Zur Idee das Schulfach „Demokratie“ einzuführen

Es ist schon überraschend, dass nach der Bundestagswahl plötzlich die Erkenntnis zu entstehen scheint, dass vielleicht die Schulen doch einen Teil zur demokratischen Bildung von Menschen in diesem Land beitragen könnten.

Demokratiebildung, politische Bildung, Partizipation, Klassenräte – seit dem Wiederauftauchen des Themas Populismus und nach dem Einzug der AfD in den Bundestag fallen verschiedene Begriffe und Ansätze auf der Suche präventiven Mitteln gegen Extremismus. Viele Artikel, die an die medialen Strände zu dem Thema gespült werden, eint: Demokratie muss in die Schule.

Der alte Schlauch

Fast jeder Vorschlag und jedes (meist noch sehr vage) Konzept wird aber auf der selben Basis gedacht, die mEn zu wenig Veränderung führen kann.
Die grundsätzliche Haltung (ich entschuldige mich für diese Generalisierung, sie beruht lediglich auf meinen Erfahrungswerten) von Lehrerinnen und Lehrern ist, dass das Lernspielfeld, das Schülerinnen und Schüler zur Verfügung gestellt wird, stets da endet, wo der Vorstellungs- und Denkhorizont der Lehrerinnen und Lehrer selbst – und damit ihr sicheres Terrain – endet. Dahinter steckt möglicherweise die ihnen in ihrer Ausbildung vermittelte Kontrollfunktion und die Überzeugung, dass sie selbst die Oase der Wissensvermittlung sind und sich außerhalb lediglich nur Wüste, mit all ihren Gefahren und Irrwegen, befindet; und dass Kinder grundsätzlich Führung brauchen.

Diese Haltung ist per se keine demokratische (dabei verstehe ich demokratisch als Haltung, dem Gegenüber auf Augenhöhe zu begegnen und die Bereitschaft mich ernsthaft mit seiner Meinung auseinanderzusetzen und ergebnisoffen, jedoch lösungsorientiert, in die Auseinandersetzung zu begeben).

Schulfach „Demokratie“

Bei den meisten Vorschlägen, die zum Thema gemacht werden, ändert sich an der grundsätzlich autoritär bis autokratischen Haltung der Lehrerinnen und Lehrer nichts.
Der Vorschlag das Fach „Demokratie“ in Schulen einzuführen, ist dabei exemplarisch perfekt, wie lächerlich:
Sollte (!) darin wirklich Demokratie gelebt werden (z.B. SuS stimmen gemeinsam mit demder LehrerIn über Inhalte ab), wäre es wenigstens eine demokratische Erfahrung, die Schülerinnen und Schüler möglicherweise/hoffentlich soweit stärkt, dass sie darüber hinaus ermutigt und legitimiert auch in anderen Fächern und Schulsituationen ihre Meinung einbringen und auf ihre Rechte hinweisen.

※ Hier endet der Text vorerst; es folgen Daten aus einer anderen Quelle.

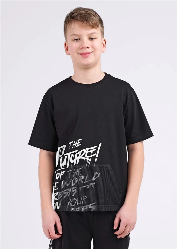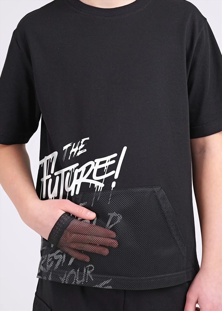 Черная футболка из мягкого пике с крупным принтом выразит твою индивидуальность! Ориганальная деталь - карман кенгуру из сетки. Умеренный объем, прямой силуэт, эластичная горловина из кашкорсе. Дополни модель шортами и крутой летний аутфит готов!

Wenn aber mit der oben skizzierten Haltung „Demokratie“ als Fach unterrichtet wird, bleibt es nichts als ein performativer Selbstwiderspruch, der wütend machen kann und sich nach Betrug anfühlt und möglicherweise auch ist.

Nur am Rande: Andere Vorschläge zum Thema bleiben meist bei Planspielen während des einmaligen Exkurs‘ in den Bundestag und beim Mitbestimmen, was das Buffet der Abschlussfeier der AbsolventInnen beinhalten soll, stehen.

Demokratische Haltung

Damit Demokratie in Schulen funktioniert, braucht es eine demokratische Haltung von Lehrerinnen und Lehrern und SchülerInnen und Schülern. Und das muss über Partizipation in Klassenräten hinausgehen und Wahlmöglichkeiten und Selbstbestimmung zulassen, auch wenn es möglicherweise nicht in das Lebensbild der einzelnen Lehrerinnen und Lehrer passt.
Und damit sich Lehrerinnen und Lehrer diesen Schritt trauen zu gehen, braucht es auch für sie selbst demokratisches Erleben in ihren Gremien (z.B. LehrerInnenKonferenzen). Denn wer nie gelernt hat auf Augenhöhe zu diskutieren und Entscheidungen gemeinsam zu finden, ohne dass derdie Chefin oder derdie Schulleiter sie fällt, hat mEn auch nicht die Berechtigung und Kompetenz „Demokratie“ zu „unterrichten“.

Positiver formuliert: Wer eine demokratische Haltung im Schulalltag lebt, benötigt kein Fach „Demokratie“.